Asian refiners cheered US President Joe Biden’s decision to release 1 million b/d of oil from the US’ strategic petroleum reserves as the release may lead to more light sweet US crude exports to the Far East, while spot crude price differentials across the globe could fall should US refineries cut back on feedstock imports.
Previous SPR releases from the US, as well as other top Asian oil consuming nations, were miniscule in terms of market impact as the volumes released were less than a few days of Asia’s total spot cargo purchases, but refiners and crude traders across Asia said this grand scale US SPR release could make a difference in the market.
The Biden administration committed March 31 to selling an unprecedented 1 million b/d from US emergency oil stockpile from May through October.
Refiners at major Asian US crude importers, including South Korea, India, Taiwan and Thailand, indicated that they would closely monitor whether additional US supplies would be available for international buyers.
Feedstock managers at these Asian refiners said although the SPR releases aim to serve primarily US domestic end-users, oil majors and trading companies in the North American market may have accumulated surplus light sweet crude barrels that they could push to the Far Eastern market.
As the SPR progressively feeds into the US’ domestic refinery systems, South Korean refiners are expecting to see more light sweet crude and condensate supplies from the Permian basin and Eagle Ford shale to find their way into international markets, according to Korea Petroleum Association based in Seoul.
South Korea, the US’ biggest crude customer in East Asia, is especially keen to take as many cargoes from the US as possible as they continue to favor competitive US barrels in times of surging benchmark oil prices.
South Korean refiners paid on average $90.11/b for shipments of US crude in February, lower than $92.07/b paid for Saudi grades, latest data from state-run Korea National Oil Corp. showed.
Meanwhile, Taiwanese end-users said they are also keen to take any surplus US export barrels if and when available.
“US refinery systems prefer heavier crudes anyway so [we] expect strong bidding for such grades from the SPR [by US end-users and traders] and increased availability of surplus lighter crudes for international trades,” a feedstock manager at a Taiwanese refiner said.
Recently, Taiwan’s biggest refiner CPC purchased 2 million barrels of WTI Midland crude for June delivery from Vitol at a premium of $4.50/b to Platts May Dated Brent crude assessments on a CFR Taiwan basis, according to trading sources based in Singapore with close knowledge of the deal.
Meanwhile, feedstock traders in Thailand indicated that Southeast Asia’s second biggest economy has been, on average, sourcing for around 1 million barrels/month of crude from the US over the past year and the country hopes to double imports.
Thai end-users would closely track international trading firms accumulating extra US barrels during SPR releases, while state-run refiner PTT aims to take full advantage of its rapidly expanding trading network in North America, refining industry sources and traders based in Bangkok told S&P Global Commodity Insights.
Since second quarter 2021, PTT has officially operated the office of PTT International Trading USA Inc. in Houston.

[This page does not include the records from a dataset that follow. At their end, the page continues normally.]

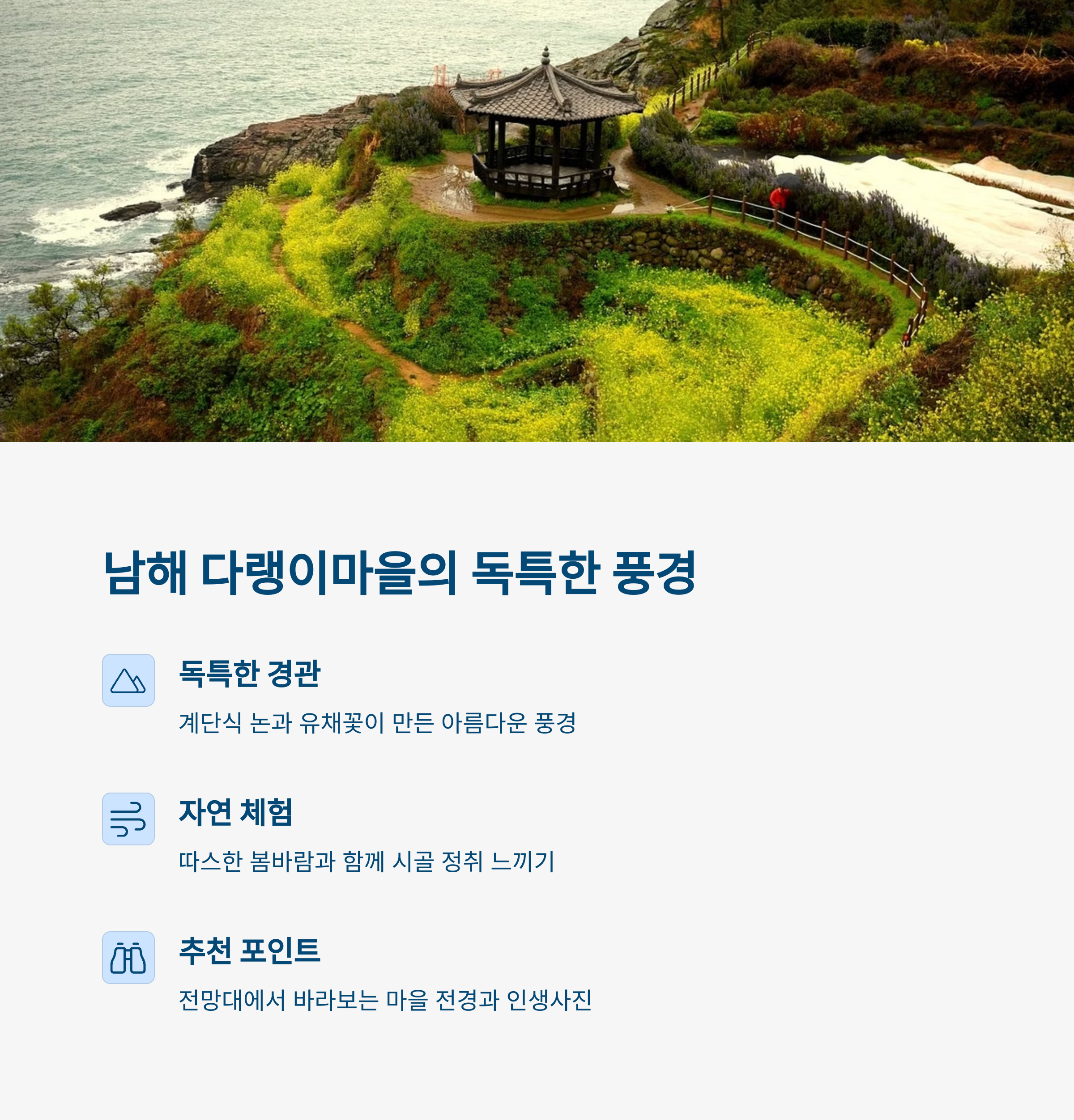 메밀꽃은 봄보다는 가을이 절정이지만, 남해 다랭이마을 등에서는 봄에도 일부 테라스형 밭에서 볼 수 있어요. 봄 메밀밭은 희귀하니 일정 잘 확인하고 방문해보세요.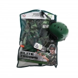 Komplet vsebuje vse, kar potrebujete za vojaško igro - jopič, čelado, orožje in druge dodatke.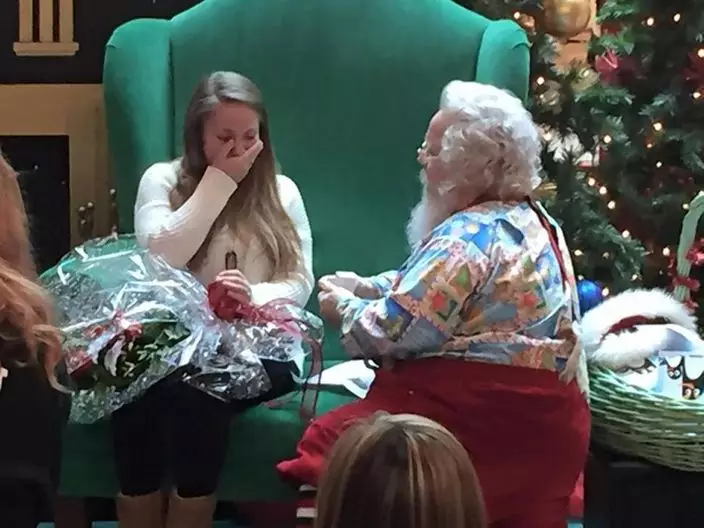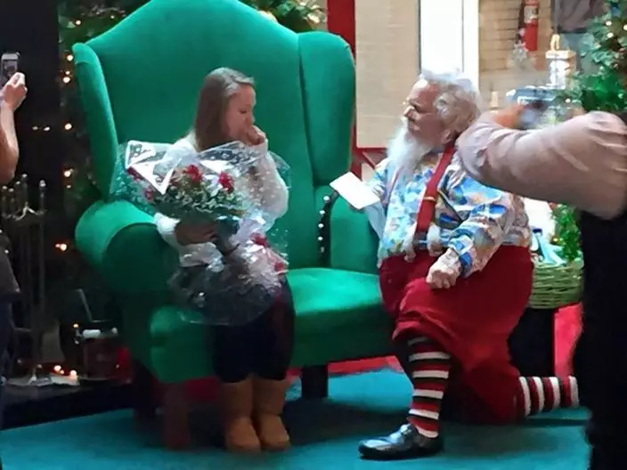 就在這個時候,聖誕老人突然拿出一束鮮花單膝跪下讀出求婚宣言,並拿出戒指,請Kimberly嫁給Clint。

The establishment of PTT’s US office will allow it to complete the expansion of its trading business in major trading hubs all over the world, strengthening PTT’s mission to create Thailand’s energy security, it added.
Cooling spot price differentials
The 180 million barrels of US SPR release could also help cool the spot premiums of various South American, African and Middle Eastern crude grades that Asian end-users regularly purchase, according to feedstock traders at Chinese and Indian refiners.
Chinese crude traders said they were hoping to see West African and South American crude price differentials fall should US refiners in the East Coast and the Gulf of Mexico trim their crude imports as the SPR releases cover a certain portion of their feedstock requirements.
“Price differentials for sweet crudes have been surging everywhere … hopefully the SPR release would lead to less requirements for imported feedstock for the US end-users and help cool the spot premiums,” a sweet crude trading desk source at PetroChina said.
In addition, Indian refiners said they were hoping to see less demand for Iraq’s Basrah crude from US end-users once the SPR releases kick off.
A trading source at India’s state-run refiner Bharat Petroleum Corp. Ltd told S&P Global that Iraq’s Basrah supply for Asia has been tight and price differentials have been climbing as the US sought to take more Iraqi barrels to make up for its cutback in Russian crude.
“Hopefully the SPR releases would help ease the US buyers’ demand for Iraqi crude and give some breathing space for Asian buyers,” the BPCL trading sources said.
For Asian buyers, Iraq’s State Oil Marketing Organization set the OSP differential for April-loading Basrah Medium crude at a premium of $3.50/b to the average of Platts Oman/Dubai assessments in that month, up from $1.30/b in March.